Data excerpt:
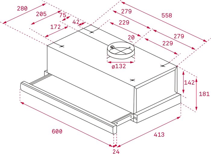 конструкция телескопическая, монтаж для встраивания, ширина 60 см, управление механическое, производительность вытяжки 332 м3/ч, цвет нержавеющая сталь
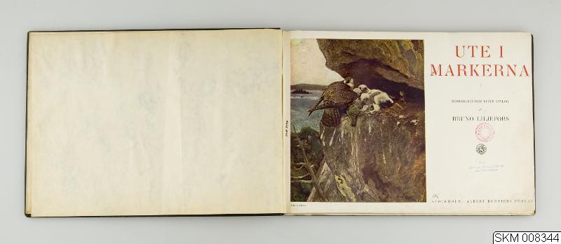 Bok med titeln "Ute i markerna". Reproduktioner efter tavlor av Bruno Liljefors. 33 planscher samlade i en bok med förord av Bruno Liljefors.
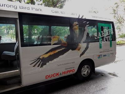 朝のうちスコール、ホテルをでる頃には薄曇りの日になった。ジュロンバードパーク(Jurong Bird Park)に、シャトルバスSAFARI Line2 9:30発でAYE(Tollroad)を20分ほど走行して公園に着いた。

Aim of the exercise:
Restate word for word only the lines from the one with "Bok med titeln" through the last line of the material, both included. Any picture should be left out.

Answer to the exercise:
 Bok med titeln "Ute i markerna". Reproduktioner efter tavlor av Bruno Liljefors. 33 planscher samlade i en bok med förord av Bruno Liljefors.
 朝のうちスコール、ホテルをでる頃には薄曇りの日になった。ジュロンバードパーク(Jurong Bird Park)に、シャトルバスSAFARI Line2 9:30発でAYE(Tollroad)を20分ほど走行して公園に着いた。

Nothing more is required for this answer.